Binary data files are advanced and somewhat low-level tools that we won’t cover in more detail here; for more help, see the Python library manual, or import and pass struct to the help function interactively. Also note that the binary file-processing modes 'wb' and 'rb' can be used to process a simpler binary file such as an image or audio file as a whole without having to unpack its contents.

Other File Tools

There are additional, more advanced file methods shown in Table 9-2, and even more that are not in the table. For instance, seek resets your current position in a file (the next read or write happens at that position), flush forces buffered output to be written out to disk (by default, files are always buffered), and so on.

The Python standard library manual and the reference books described in the Preface provide complete lists of file methods; for a quick look, run a dir or help call interactively, passing in the word file (the name of the file object type). For more file-processing examples, watch for the sidebar "Why You Will Care: File Scanners" in Chapter 13. It sketches common file-scanning loop code patterns with statements we have not covered enough yet to use here.

Also, note that although the open function and the file objects it returns are your main interface to external files in a Python script, there are additional file-like tools in the Python toolset. Also available are descriptor files (integer file handles that support lower-level tools such as file locking), found in the os module; sockets, pipes, and FIFO files (file-like objects used to synchronize processes or communicate over networks); access-by-key files known as “shelves” (used to store unaltered Python objects directly, by key); and more. See more advanced Python texts for additional information on these file-like tools.

Type Categories Revisited

Now that we’ve seen all of Python’s core built-in types in action, let’s wrap up our object types tour by taking a look at some of the properties they share.

Table 9-3 classifies all the types we’ve seen according to the type categories introduced earlier. Objects share operations according to their category; for instance, strings, lists, and tuples all share sequence operations. Only mutable objects (lists and dictionaries) may be changed in-place; you cannot change numbers, strings, or tuples in-place. Files only export methods, so mutability doesn’t really apply to them—they may be changed when written, but this isn’t the same as Python type constraints.

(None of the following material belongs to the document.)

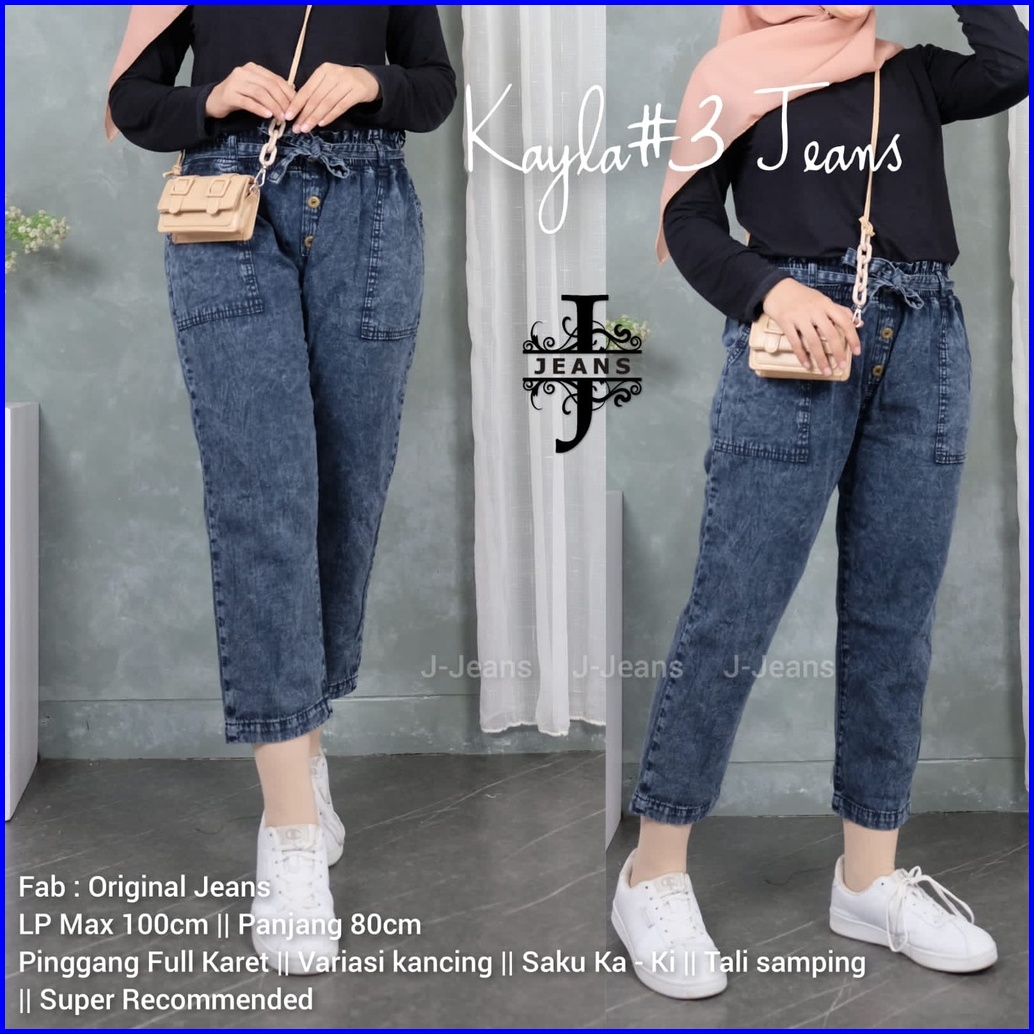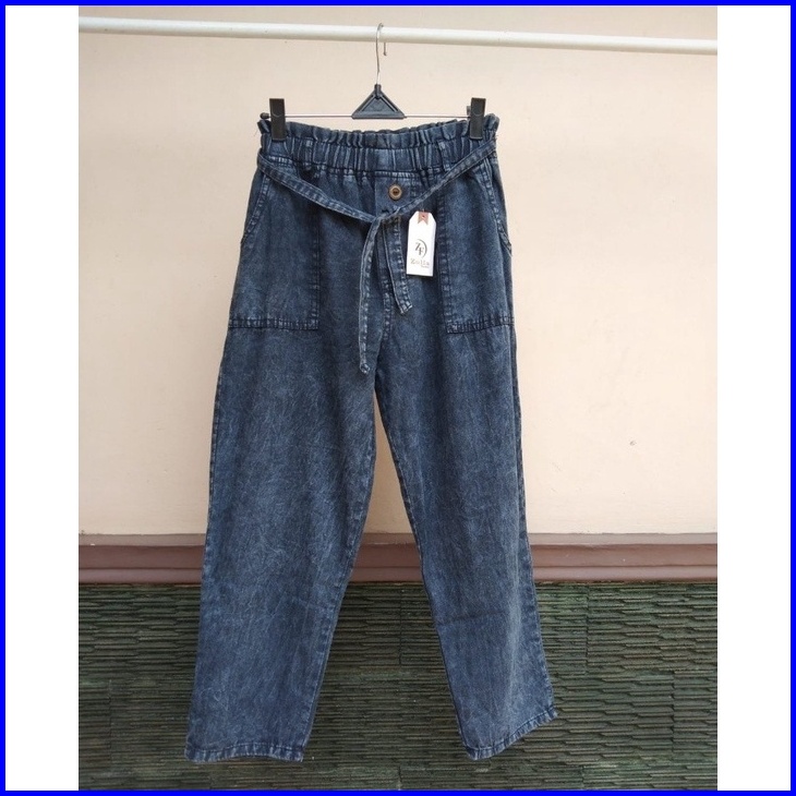Kayla 3 Celana Baggy Jeans Kancing Snow High Waist Dengan Tali Gesper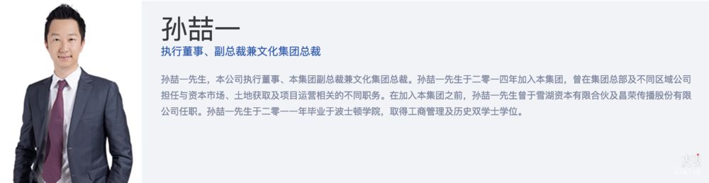 融创中国官网显示,孙宏斌长子孙喆一担任融创集团旗下融创文化集团的总裁一职。目前,孙喆一的职务已被更新为“执行董事、副总裁兼文化集团总裁”。公开资料显示,孙喆一现年29岁。

Table 9-3. Object classifications

Object type

Category

Mutable?

Numbers

Numeric

No

Strings

Sequence

No

Lists

Sequence

Yes

Dictionaries

Mapping

Yes

Tuples

Sequence

No

Files

Extension

N/A

Object Flexibility

This part of the book introduced a number of compound object types (collections with components). In general:

  • Lists, dictionaries, and tuples can hold any kind of object.

  • Lists, dictionaries, and tuples can be arbitrarily nested.

  • Lists and dictionaries can dynamically grow and shrink.

Because they support arbitrary structures, Python’s compound object types are good at representing complex information in programs. For example, values in dictionaries may be lists, which may contain tuples, which may contain dictionaries, and so on. The nesting can be as deep as needed to model the data to be processed.

Let’s look at an example of nesting. The following interaction defines a tree of nested compound sequence objects, shown in Figure 9-1. To access its components, you may include as many index operations as required. Python evaluates the indexes from left to right, and fetches a reference to a more deeply nested object at each step. Figure 9-1 may be a pathologically complicated data structure, but it illustrates the syntax used to access nested objects in general:


>>> L = ['abc', [(1, 2), ([3], 4)], 5]
>>> L[1]
[(1, 2), ([3], 4)]
>>> L[1][1]
([3], 4)
>>> L[1][1][0]
[3]
>>> L[1][1][0][0]
3
A nested object tree with the offsets of its components, created by running the literal expression ['abc', [(1, 2), ([3], 4)], 5]. Syntactically nested objects are internally represented as references (i.e., pointers) to separate pieces of memory.
Figure 9-1. A nested object tree with the offsets of its components, created by running the literal expression ['abc', [(1, 2), ([3], 4)], 5]. Syntactically nested objects are internally represented as references (i.e., pointers) to separate pieces of memory.

References Versus Copies

Chapter 6 mentioned that assignments always store references to objects, not copies of those objects. In practice, this is usually what you want. Because assignments can generate multiple references to the same object, though, it’s important to be aware that changing a mutable object in-place may affect other references to the same object elsewhere in your program. If you don’t want such behavior, you’ll need to tell Python to copy the object explicitly.

We studied this phenomenon in Chapter 6, but it can become more acute when larger objects come into play. For instance, the following example creates a list assigned to X, and another list assigned to L that embeds a reference back to list X. It also creates a dictionary D that contains another reference back to list X:


>>> X = [1, 2, 3]
>>> L = ['a', X, 'b']# Embed references to X's object
>>> D = {'x':X, 'y':2}

At this point, there are three references to the first list created: from the name X, from inside the list assigned to L, and from inside the dictionary assigned to D. The situation is illustrated in Figure 9-2.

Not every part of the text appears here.